§ ACTION ITEM:
Retype the lines of the material below, exactly and only, from the one containing "中國(guó)之聲《新聞和報" through the last line, with pictures left out.
== Segment start ==
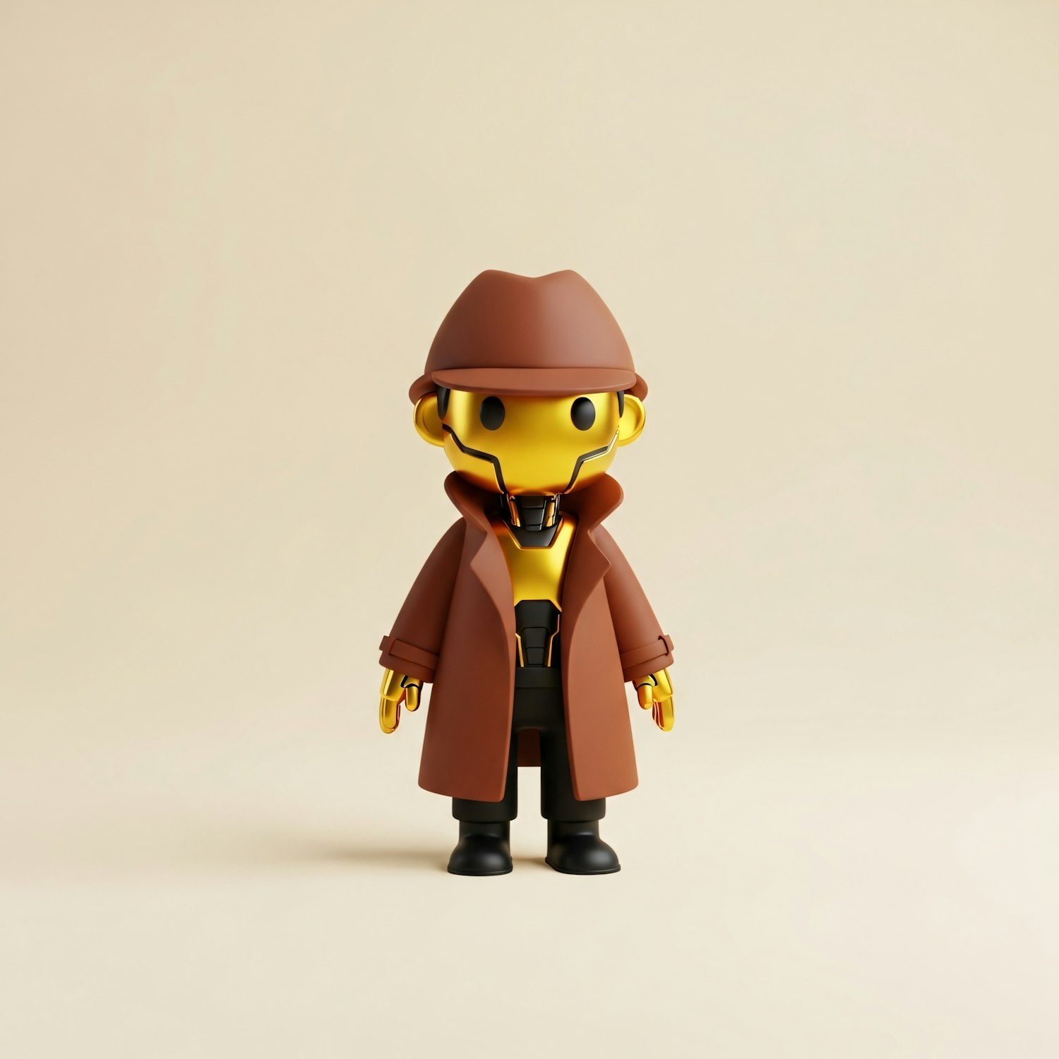 A golden robot in a brown trench coat and hat, blending futuristic and classic detective styles, set against a neutral background.
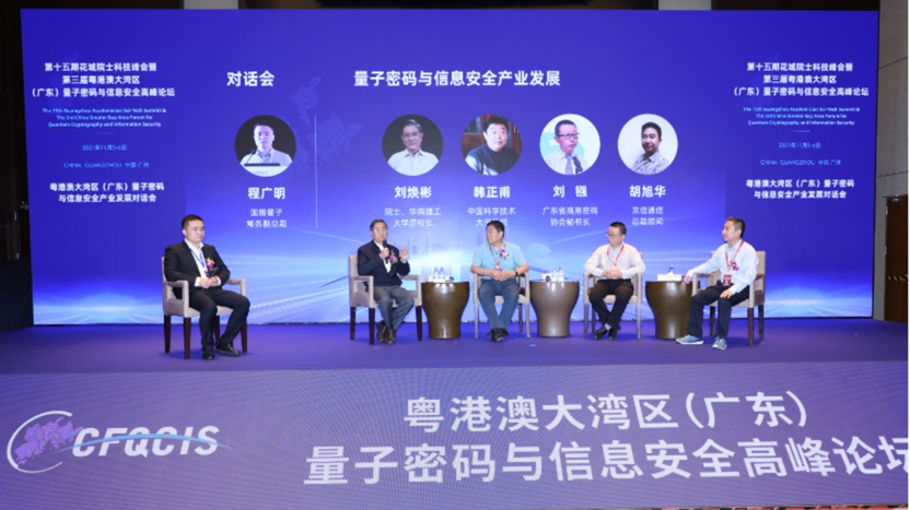 高端对话环节举行粤港澳大湾区(广东)量子密码与信息安全产业发展对话会,刘焕彬院士、中国密码学会量子密码专委会主任韩正甫教授、广东省商用密码协会秘书长刘镪、京信通信总裁顾问胡旭华等嘉宾围绕量子密码与信息安全产业发展开展深入对话,分别就量子密码人才与企业家培养、量子密码技术发展趋势与标准化、加速量子密码产业化进程、产业资本助推量子密码发展等内容展开交流。其中,刘焕彬院士以种树类比创新创业需要的三个环节:要有好的种子(想法)、找到好的土壤(市场)、获取足够的肥料(资金),并表示对国腾量子在量子密码创新发展和产业应用探索之路充满信心。
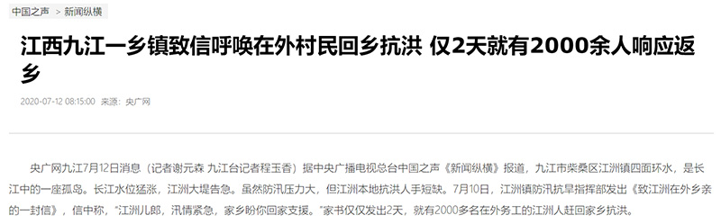 中國(guó)之聲《新聞和報(bào)紙摘要》報(bào)道:江西九江一鄉(xiāng)鎮(zhèn)致信呼喚在外村民回鄉(xiāng)抗洪 僅2天就有2000與人響應(yīng)返鄉(xiāng)
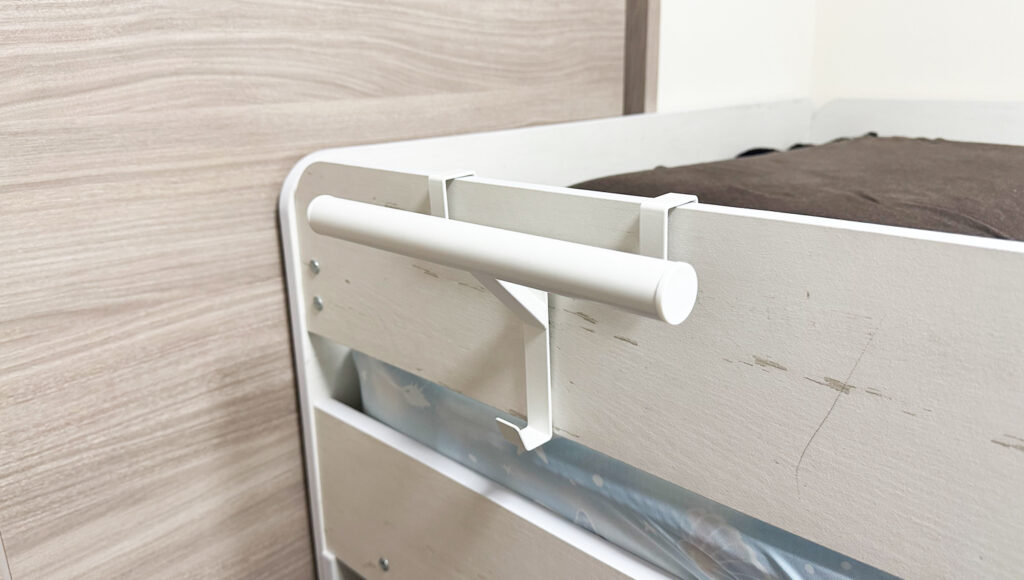 商品名には「下駄箱扉」とありますが、厚みが合えばどこでも使えます。我が家では、子供部屋のシステムベッドのフレームに設置しました。
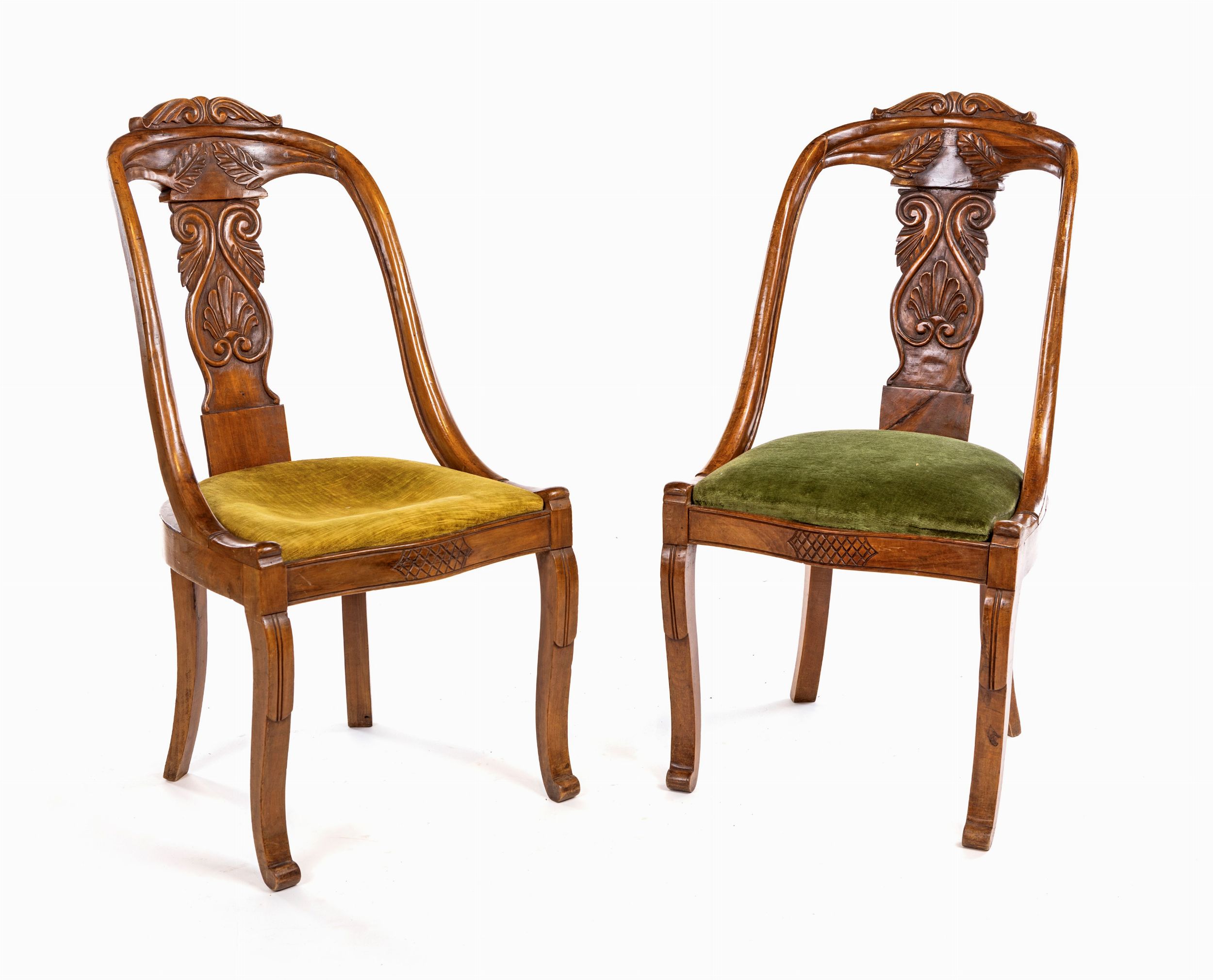 con schienale a giorno decorato da rilievi vegetali intagliati, sedile imbottito, gambe anteriori sagomate, posteriori a sciabola
== Segment end ==
§ ANSWER BELOW:
 中國(guó)之聲《新聞和報(bào)紙摘要》報(bào)道:江西九江一鄉(xiāng)鎮(zhèn)致信呼喚在外村民回鄉(xiāng)抗洪 僅2天就有2000與人響應(yīng)返鄉(xiāng)
 商品名には「下駄箱扉」とありますが、厚みが合えばどこでも使えます。我が家では、子供部屋のシステムベッドのフレームに設置しました。
 con schienale a giorno decorato da rilievi vegetali intagliati, sedile imbottito, gambe anteriori sagomate, posteriori a sciabola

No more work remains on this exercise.